Lift Off Time
|February 04, 2021 – 15:36 UTC | 23:36 BJT|
|TJSW-6, a communication technology experiment satellite|
|China Great Wall Industry Corporation (CGWIC)|
|Chinese Ministry of Defense|
|Long March 3B/E|
|LC-3, Xichang Satellite Launch Center, China|
|Unknown, up to 5,500 kg (12,100 lb) to GTO|
Where did the satellite go?
|Geostationary Earth Orbit (initial orbit: Geostationary Transfer Orbit)|
Did they attempt to recover the first stage?
|No, the boosters of the rocket are not recoverable|
Where did the first stage land?
|It will crash back over land in North-West China|
Did they be attempt to recover the fairings?
|No, the fairings are not recoverable|
Were the fairings new?
This was the:
|– 73rd flight of a Long March 3B (any variant)|
– 4th Chinese launch in 2021
– 2nd launch of a Long March 3B/E variant in 2021
– 11th orbital launch attempt of 2021
Where to watch
How did it go?
The China Great Wall Industry Corporation successfully launched the Tongxin Jishu Shiyan Weixing-6 (TJSW-6) satellite atop a Long March 3B/E. The TJSW-6 satellite is a classified communication technology experiment satellite for the Chinese military.
The TJSW-6 satellite is the sixth satellite in the TJSW constellation. The Chinese media has stated that the satellite will be used for communications, data transmission for radio and transmission, and technical tests. However, the true nature of the satellite is thought to be part of China’s early ICBM warning system, which would explain the heavily classified nature of the satellite.
What is the Long March 3B?
Despite the Chinese rockets having different heritages, most of China’s orbital launch vehicles use the “Long March” (Chang Zheng) naming scheme. The Long March 3B is a three stage rocket, with an optional fourth stage. The rocket has four liquid-fueled side boosters, and first launched in 1996.
The Long March 3B/E, the enhanced version of the Long March 3B, was first launched in 2007 and has greater Geostationary Transfer Orbit (GTO) payload capacity. The enhanced 3B/E’s have a larger first stage and larger side boosters, compared to the original Long March 3B. As a result, its payload capacity to GTO was increased from 5,100 kg to 5,500 kg.
The Long March 3B series features the following sections or stages:
- Side boosters
- First (center) stage (ignited at launch)
- Second stage
- Third stage
- Optional fourth stage
There are 4 side boosters that each use one YF-25 engine, which is powered by Unsymmetrical Di-Methyl Hydrazine (UDMH) and Nitrogen Tetroxide (N2O4).

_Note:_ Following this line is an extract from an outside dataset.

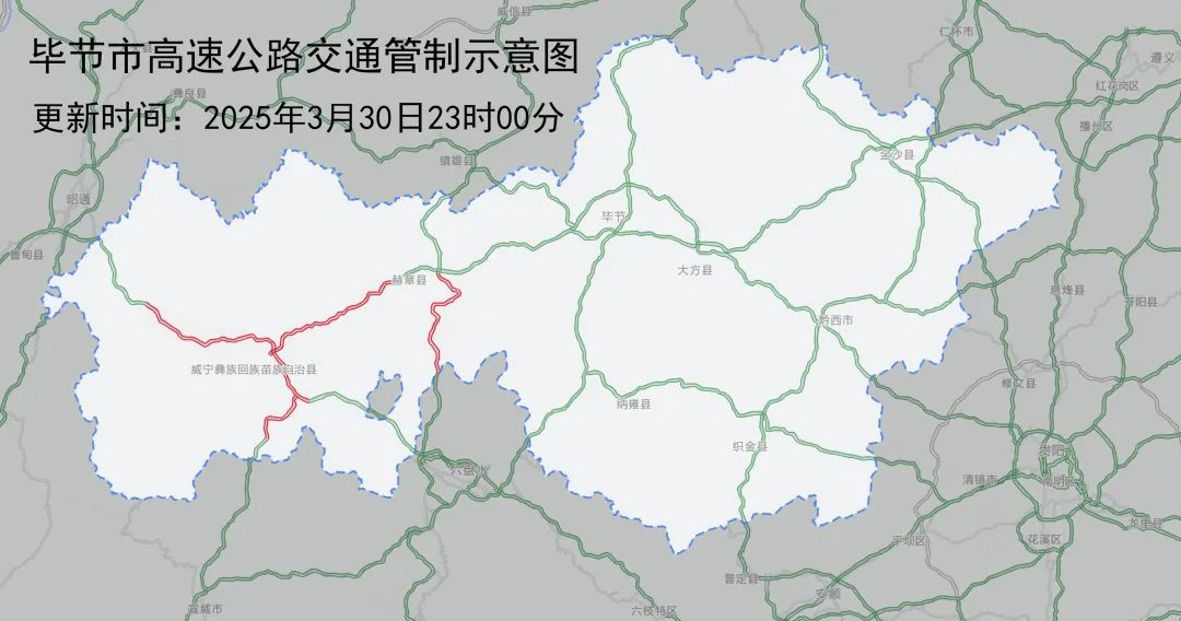 由于受到低温大雾天气的影响,不具备安全通行条件,经高速公路“一路三方”共同会商决定,3月30日23时00分,临时交通管制从毕威高速赫章(K54)到威宁北(K112)段双向、都香高速金钟(K396)到K474段双向、威围高速金钟(K124)到金斗(K143)段双向、赫六高速赫章南(K33)到野鸡街(K72)段。

The regular Long March 3B’s side boosters are 15.33 m (50.3 ft) long, but on the enhanced version they are 16.1 m (52.3 ft) long, producing 740 kN of thrust. The YF-25 engine has a specific impulse (ISP) of 260 seconds, and burns for 140 seconds on the 3B/E variant.
First (center) stage
The first stage has 4 YF-21C engines, which also use UDMH / N2O4 for propellant. The first stage has an ISP of 260 seconds and produces 2,960 kN of thrust. The LM-3B first stage is 23.27 m (76.35 ft) tall, but the 3B/E is 24.76 m (81.23 ft) tall.
The second stage is powered by a single YF-22E engine. However, attitude control is provided by a single YF-23 Vernier engine, and combined, these engines are known as a YF-24 module. The engine runs on UDMH and N2O4 and produces 742 kN of thrust. The second stage is 12.9 m (42.3 ft) tall and burns for 185 seconds.
The third stage is 12.4 m (40.7 ft) long and is powered by 2 YF-75 engines. Unlike the other stages, this stage is powered by liquid hydrogen (LH2) and liquid oxygen (LOX).
The third stage will burn after the second stage is jettisoned, in order to continue to raise the orbital apogee (maximum altitude). Once the target apogee has been achieved, it shuts down. The vehicle will then coast to apogee, where the stage relights and burns to raise the perigee (lowest altitude) of the orbit.
Optional fourth stage
The fourth stage runs on UDMH / N2O4, and has a singular YF-50D engine.